For the data below, retype word for word the lines from the one containing "comment by either" through the one containing "Creativity is key"; drop the pictures.

(Data entries)
- - -
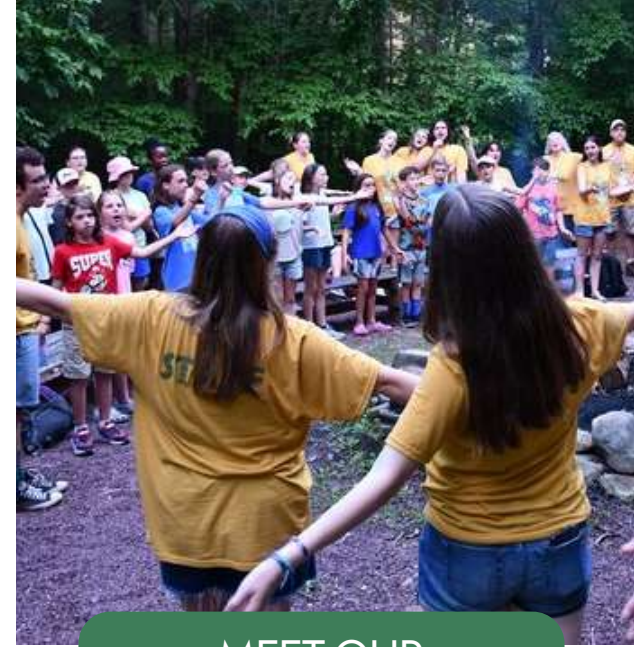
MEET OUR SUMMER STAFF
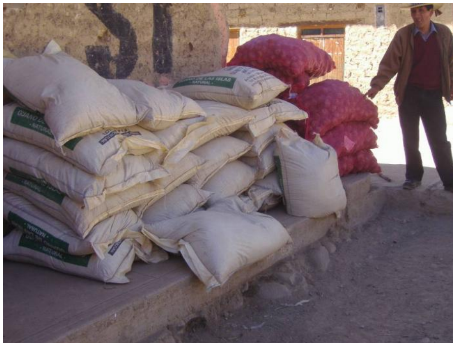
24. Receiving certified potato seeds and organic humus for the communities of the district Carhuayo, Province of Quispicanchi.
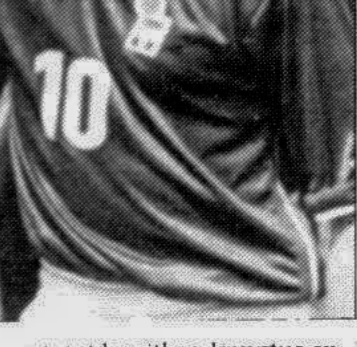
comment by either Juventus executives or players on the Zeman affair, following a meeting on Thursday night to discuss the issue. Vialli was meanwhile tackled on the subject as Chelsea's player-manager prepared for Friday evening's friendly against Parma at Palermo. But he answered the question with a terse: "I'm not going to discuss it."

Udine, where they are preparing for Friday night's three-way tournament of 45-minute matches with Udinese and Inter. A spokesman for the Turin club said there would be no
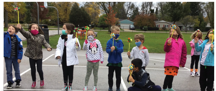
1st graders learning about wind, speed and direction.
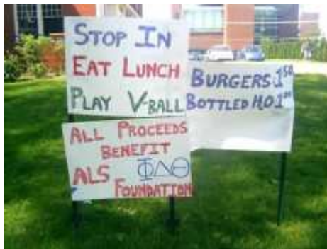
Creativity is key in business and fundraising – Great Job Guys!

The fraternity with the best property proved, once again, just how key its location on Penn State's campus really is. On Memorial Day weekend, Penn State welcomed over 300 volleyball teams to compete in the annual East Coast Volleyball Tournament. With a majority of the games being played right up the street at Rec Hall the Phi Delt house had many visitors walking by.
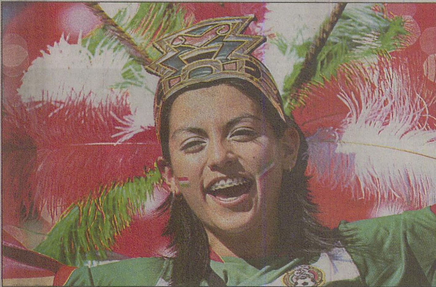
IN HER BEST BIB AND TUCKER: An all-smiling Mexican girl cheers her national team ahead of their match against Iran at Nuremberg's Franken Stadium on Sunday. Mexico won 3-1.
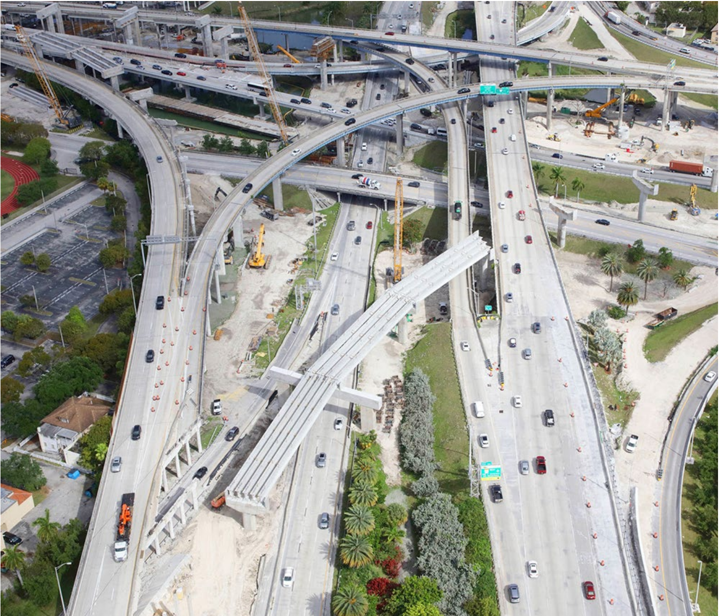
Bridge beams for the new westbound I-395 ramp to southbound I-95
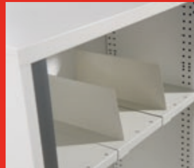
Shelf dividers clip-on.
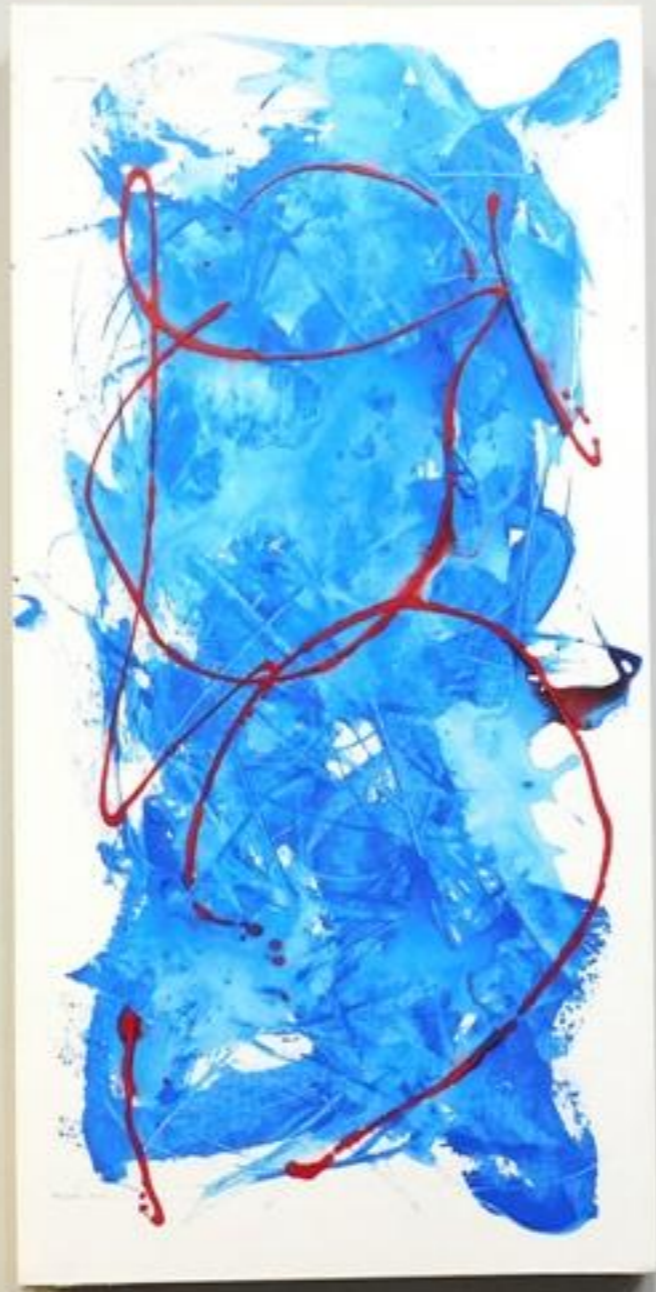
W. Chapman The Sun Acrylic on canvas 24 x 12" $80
- - -
### EXPECTED ANSWER
comment by either Juventus executives or players on the Zeman affair, following a meeting on Thursday night to discuss the issue. Vialli was meanwhile tackled on the subject as Chelsea's player-manager prepared for Friday evening's friendly against Parma at Palermo. But he answered the question with a terse: "I'm not going to discuss it."

Udine, where they are preparing for Friday night's three-way tournament of 45-minute matches with Udinese and Inter. A spokesman for the Turin club said there would be no
1st graders learning about wind, speed and direction.
Creativity is key in business and fundraising – Great Job Guys!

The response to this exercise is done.